Giacomo di Girolamo: Messina Denaro è il latitante italiano più ricercato al mondo, e dal 1993 si sa pochissimo di lui. È talmente invisibile che lo stato non ha niente di lui, neanche una foto: le sue immagini vengono rielaborate al computer di anno in anno. È la figura che ha cambiato la storia della Mafia e della nostra terra, portandola ad un processo di trasformazione e inabissamento. È un criminale spietato, il pupillo di Totò Riina, e c’è chi dice che sia ancora lui a custodire i segreti della trattativa fra lo Stato e la mafia.

Però per me raccontare Matteo Messina Denaro significa soprattutto raccontare il mio territorio e il suo sistema di relazioni.

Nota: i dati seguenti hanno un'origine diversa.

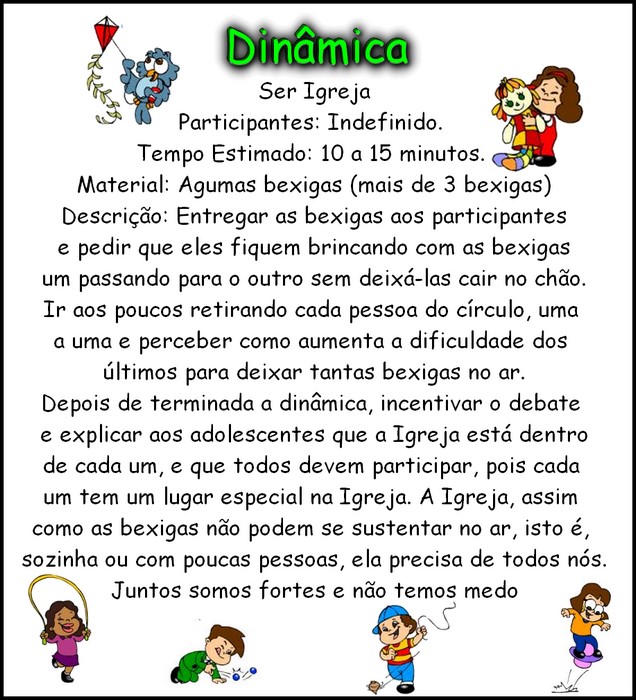 A dinâmica infantil para igreja deve contar com uma “moral da história”, um ensinamento sobre a religião ou sobre uma conduta, como a conduta de sempre oferecer uma boa palavra por onde passar. Neste caso formar-se um círculo com o grupo e uma garrafa é girada por alguém. Em quem a garrafa parar deve receber um elogio ou uma palavra de encorajamento de quem girou a garrafa.

Perché se oggi la mafia pare ancora invincibile è a causa del suo sistema di relazioni: sulla mafia si dicono molte cose, ma questa è vera: la forza della mafia è al di fuori della mafia. Il mafioso controlla il territorio con le relazioni, non solo con la pistola. E questo nel podcast emerge con chiarezza.

Arrivati alla fine di questa esperienza, che idea vi siete fatti della figura di Messina Denaro?
Matteo Caccia: Io faccio fatica a pensare che in questo momento in Sicilia, in un angolo di Castelvetrano, ci sia un essere umano nascosto che sta facendo un solitario o mangiando delle lasagne da un tupperware. Penso che sia un’allegoria, e che sia più importante quello che è sotto i nostri occhi. Non mi interessa lui, o quello che fa, ma quello che possiamo vedere e la vita criminale intorno a  lui.
Luca Micheli: A un certo punto per noi era diventato un fantasma evocato, che faceva molto contrasto con i racconti di Giacomo sulla realtà mafiosa quotidiana.

Dopo questa esperienza cosa avete in cantiere?
Matteo Caccia: Il prossimo progetto sarà in contemporanea con il decimo anniversario con l’affondamento della Costa Concordia. Un racconto corale degli abitanti dell’isola: come quell’evento ha cambiato la loro vita.Ci stiamo già lavorando, e fra due mesi andremo a fare un primo sopralluogo.